The complex integral of $f(z)$ over a path $\gamma$ parametrized by $\tau(t), t \in I \subset \mathbb{R}$ is defined as $\int_I f(\tau(t)) \tau'(t) dt$

Here's my progress: So we parametrize $\gamma$ as $\tau(\theta) = Re^{i \theta}, \theta \in [0, 2 \pi]$. Using the identity $\frac{1}{(z-a)(z-b)} = \frac{1}{b-a} [ \frac{1}{z-a} - \frac{1}{z-b}]$, we integrate each part separately. $\int_{\gamma} \frac{1}{z-a} dz = \int_{0}^{2 \pi} \frac{Rie^{i \theta} d\theta}{Re^{i \theta} - a}$. Now I don't know how to evaluate it.

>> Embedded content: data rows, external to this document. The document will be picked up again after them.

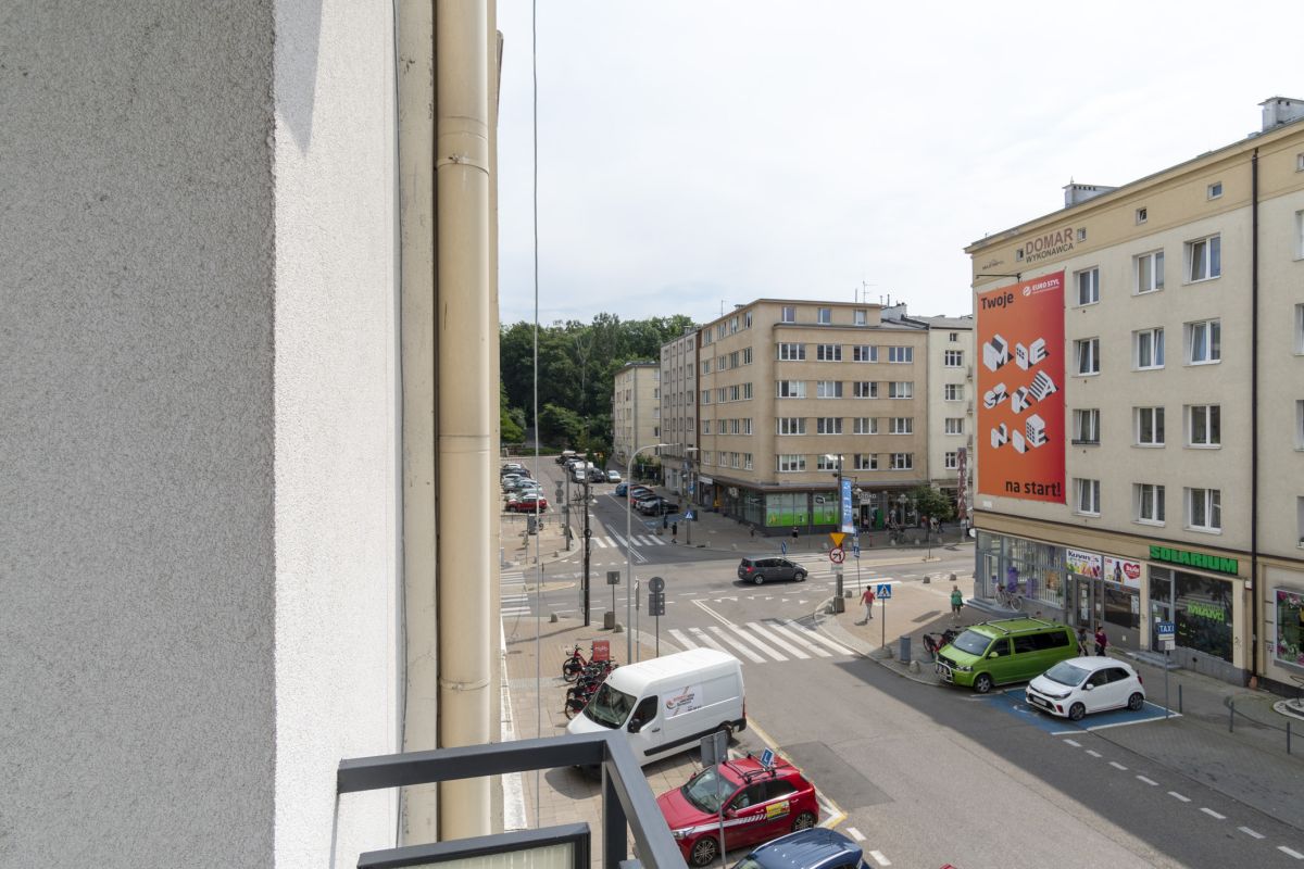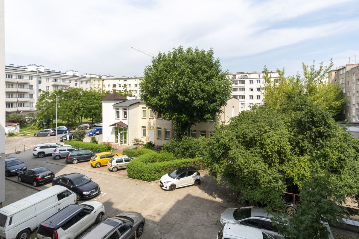 - dwóch samodzielnych pokoi: dzienny z niewielkim balkonem skierowanym na stronę południową (ul. Żwirki i Wigury) oraz sypialni z oknem skierowanym na północ (podwórko).
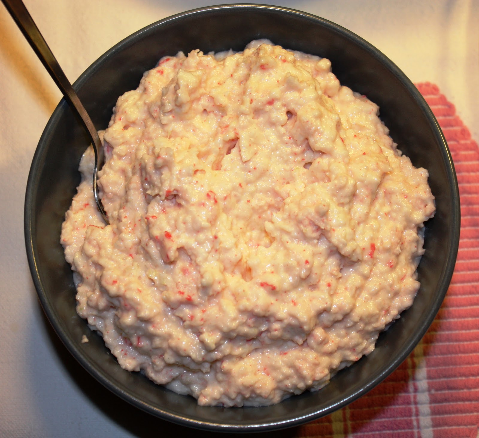 Un cop pelada la ceba només cal barrejar-ho tot junt sense afegir res més i triturar-ho fins a convertir-lo en una massa untable. La textura final amb més o menys trossos de ceba i cranc podeu adaptar-la al vostre gust.
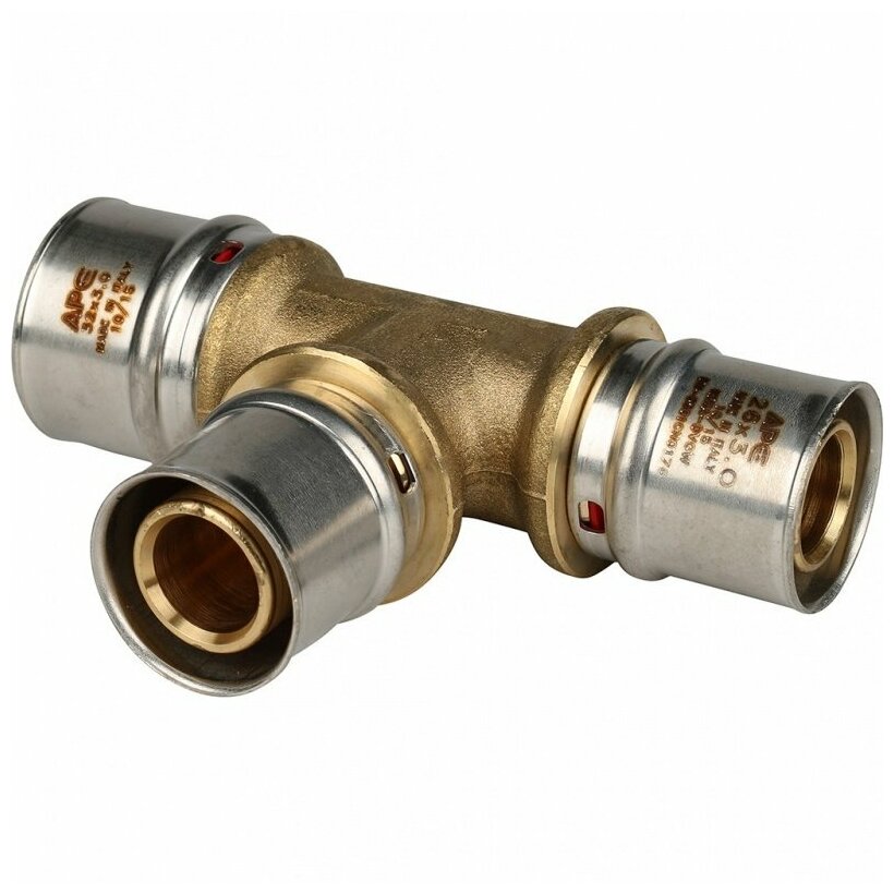 Тройник переходной 32х26х26 для металлопластиковых труб прессовой ФУМ лента 10м
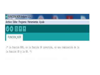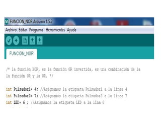 La función NOR equivale a la negación de la función OR. En este documento, se explica cómo programar una función NOR en Arduino para encender un LED cuando se pulse cualquier combinación de dos pulsadores, excepto si se pulsan ambos a la vez. Se definen los pines de entrada y salida, y la instrucción digitalWrite establece la salida LED en 0 cuando cualquier entrada sea 1, implementando así la función NOR.
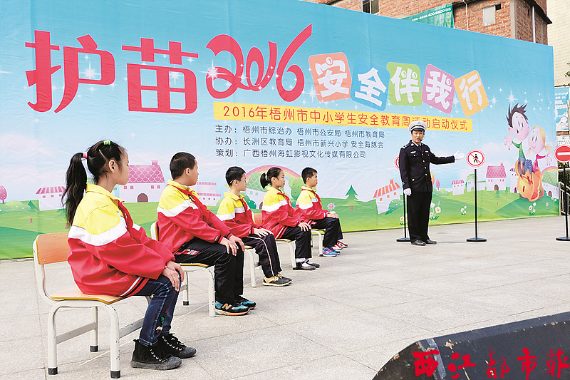 ????西江都市報訊(記者 萬立平 通訊員 蘇志寧 曾亮 )3月25日,由梧州市綜治辦、梧州市公安局、梧州市教育局主辦,長洲區教育局、新興小學協辦的2016年梧州市中小學生安全教育周活動啟動儀式在新興小學舉行。

If this was real, i.e to integrate $\int_{0}^{2\pi} \frac{Re^\theta d \theta}{Re^\theta - 1}$, I would just substitute $u = Re^{\theta} - 1$, then the integral is $\int_{R-1}^{Re^{2\pi} - 1} \frac{du}{u} = \ln(\frac{Re^{2\pi} - 1}{R-1})$, but then several problems arise when I try to mimmick that appraoch:

-- In this if you substitute $u = Re^{i \theta} - 1$ case both upper and lower limits are same ! Maybe this can be fixed by integrating $\int_{0}^{2\pi - \epsilon} \frac{Re^\theta d \theta}{Re^\theta - 1}$ and letting $\epsilon \rightarrow 0$, but I'm not sure whether thta would give the correct answer (because as long as $\epsilon \neq 0$ the path is a not a proper loop)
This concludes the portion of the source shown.